Zhejiang Communications Technology Co., Ltd. (002061.SZ) Bundle
Quickly assess Zhejiang Communications Technology Co., Ltd. through the numbers: operating revenue reached CNY 31.42 billion in the first nine months of 2025 with TTM revenue of CNY 47.98 billion, yet net income slid to CNY 714.52 million (net margin ~2.27%) and EPS fell to CNY 0.27; the balance sheet shows cash and equivalents of CNY 11.66 billion, a market cap of CNY 11.59 billion and a moderate debt profile (debt-to-equity 0.75, current ratio 1.08, quick ratio 1.00) while leverage metrics include debt-to-EBITDA 6.41 and a net debt of ~CNY 1.11 billion; valuation looks inexpensive with a trailing P/E 8.52, P/S 0.24 and P/B 0.61, juxtaposed with operating cash flow of CNY 1.10 billion, EV/EBITDA 9.09 and EV of CNY 19.97 billion - growth levers include partnerships with Huawei and Alibaba (joint projects ~CNY 200 million annually), 1,000+ patents, ~20% domestic market share and a 12% supply-chain cost reduction, while risks span raw-material swings, regulatory shifts, intensified competition and macroeconomic/FX/interest-rate pressures; read on for a chapter-by-chapter breakdown of these figures and what they mean for investors
Zhejiang Communications Technology Co., Ltd. (002061.SZ) - Revenue Analysis
Zhejiang Communications Technology Co., Ltd. shows moderate top-line growth with stable scale and a low market valuation relative to sales. Key revenue milestones and operating metrics through October 27, 2025:
- Operating revenue (first nine months 2025): CNY 31.42 billion - +2.5% YoY versus same period in 2024.
- Trailing twelve months (TTM) revenue as of 2025-10-27: CNY 47.98 billion - +3.84% YoY.
- Full-year revenue 2024: CNY 47.77 billion - +3.75% YoY over 2023.
- Revenue per employee: ~CNY 6.03 million (7,955 employees).
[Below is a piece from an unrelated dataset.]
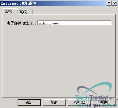 在“电子邮件地址”输入:zs@sohu.com,然后再点一下“高级”: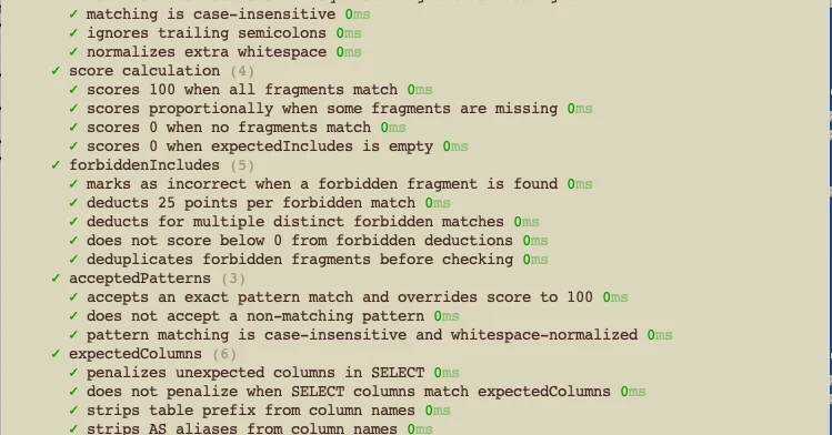 - 필수 키워드 포함 여부, 금지 패턴 탐지, 컬럼 유효성 검사 등 다각도 검증 시나리오 설계

- Price-to-sales (P/S) ratio: 0.24.
- Market capitalization: CNY 11.59 billion; share price: CNY 4.330 (2025-10-27).
| Metric | Value | Period / Note |
|---|---|---|
| Operating revenue | CNY 31.42 billion | First 9 months of 2025 (YoY +2.5%) |
| TTM revenue | CNY 47.98 billion | As of 2025-10-27 (YoY +3.84%) |
| Annual revenue | CNY 47.77 billion | 2024 (YoY +3.75%) |
| Employees | 7,955 | Headcount used to calculate revenue/employee |
| Revenue per employee | CNY 6.03 million | TTM basis / ~7,955 employees |
| Market capitalization | CNY 11.59 billion | Market snapshot 2025-10-27 |
| Share price | CNY 4.330 | 2025-10-27 |
| Price-to-Sales (P/S) | 0.24 | Market cap / TTM revenue |
Implications for investors:
- Modest revenue growth (≈3-4% YoY) indicates steady demand rather than rapid expansion.
- Low P/S (0.24) signals market discounts relative to sales - could reflect margin, profitability, or sector sentiment.
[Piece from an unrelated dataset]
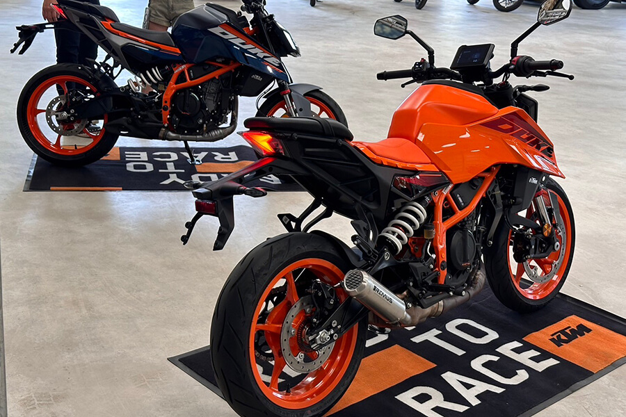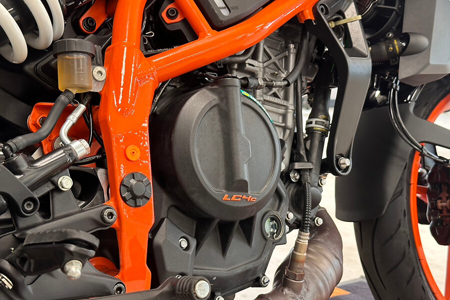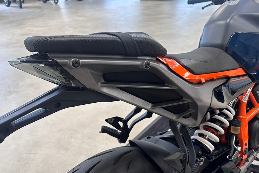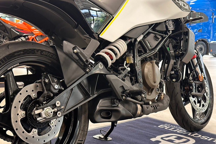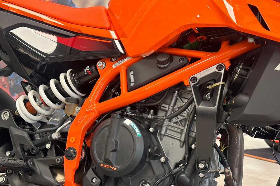 黑白雙箭與390 DUKE同樣用上這顆針對缸頭及變速箱進行改良的LC4c引擎、亦配有滑動式離合器,五段雙向阻尼可調的WP APEX前叉同側置、可調預載與回彈的後避震亦是相同配置。820mm座高亦是較前代降低15mm,坐墊本身的泡棉材質也似乎更軟了,乘坐起來的舒適度明顯更好。13L油箱兩側的大面積飾板也採取更大氣、同時也更好在騎乘間夾持的造型。

- High revenue per employee (~CNY 6.03M) suggests operational scale efficiency, but should be compared with peers and margin metrics.
For further background on shareholder composition and investor behavior, see: Exploring Zhejiang Communications Technology Co., Ltd. Investor Profile: Who's Buying and Why?
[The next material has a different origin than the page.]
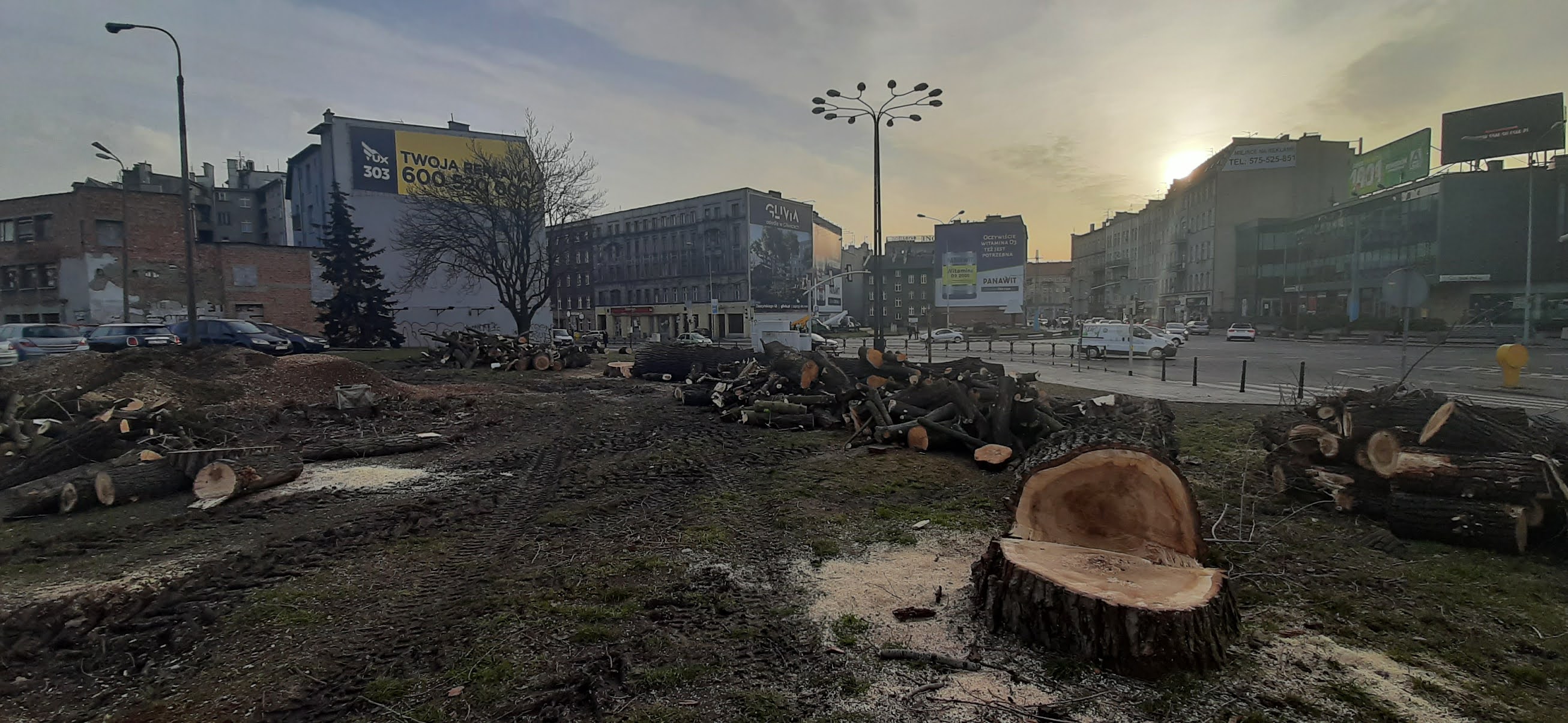 Niestety, zrobiono to "po gliwicku", na początek doprowadzając przestrzeń publiczną do stanu agonalnego, aby na koniec dokonać spektakularnej rzezi drzew. Dlaczego "po gliwicku" ? Bo drzewa i zieleń są jakąś obsesją miejscowych władz. Jeszcze niedawno głośna była sprawa wycinki lipowej alei przy ulicy Mickiewicza (którą na szczęście po długiej batalii uratowali mieszkańcy wpisując ją do rejestru zabytków), budowy polderów zalewowych w miejscu służących dzisiaj rekreacji łąk przy ulicy Słowackiego (chwilowo odłożone), zniszczenia tzw. Wilczych Dołów, wycinki szpalerów drzew wzdłuż rzeki Kłodnicy itd. Każdego dnia pod topór idą kolejne drzewa, pod pozorem ich złego stanu (jak widać na zdjęciach) lub kolizji komunikacyjnych, betonowane i asfaltowane są kolejne przestrzenie zielone. Do tego miasta nie dotarła wiedza na temat globalnego ocieplenia i jego skutków, sposobu zapobiegania klęskom żywiołowym typu susza czy powodzie. Nikt nie neguje potrzeby zmian w obskurnym centrum, jednak dlaczego robione jest to w taki sposób ? Dlaczego w mieście, gdzie działa prężny Wydział Architektury na Politechnice Śląskiej nikt nie wpadł na pomysł, że tak prestiżowa część centrum powinna być rozstrzygnięta za pomocą konkursu architektonicznego ? Dlaczego nikt nie zapytał ekspertów, jak powinno się projektować takie miejsca w zgodzie ze współczesnymi trendami, zamiast tego zlecając te prace najtańszemu wybranemu w przetargu ? Litościwie pomińmy nazwisko człowieka i członków zespołu, którzy "zaprojektowali" nową przestrzeń jakby mentalnie tkwili w latach 90-tych, albo i wcześniej. Katastrofalny projekt to tylko połowa dramatu, niestety według tego projektu musiały być wycięte wszystkie drzewa, zamieniając plac w pustkowie. Na ten projekt powołują się dzisiaj urzędnicy, tłumaczący że drzewa kolidowały z jego realizacją, jakby były to tablice dziesięciu przykazań przekazane Mojżeszowi, a nie uzgodnione wcześniej wspólne założenia. W związku z tym "nic nie można było zrobić", nawet wtedy gdy pojawili się protestujący mieszkańcy i społecznicy. W zamian zasadzone zostaną setki nowych drzew, niestety nie podano gdzie, bo na wizualizacjach ich nie widać.

Zhejiang Communications Technology Co., Ltd. (002061.SZ) - Profitability Metrics
Key profitability indicators for Zhejiang Communications Technology Co., Ltd. through the first nine months of 2025 and trailing figures to October 27, 2025, show a contraction in earnings and margins versus the prior-year period, while returns on capital remain moderate.
- Net income (1-9M 2025): CNY 714.52 million (down from CNY 838.95 million in 1-9M 2024)
- Net profit margin (1-9M 2025): ~2.27% (1-9M 2024: 2.74%)
- EPS (1-9M 2025): CNY 0.27 (1-9M 2024: CNY 0.32)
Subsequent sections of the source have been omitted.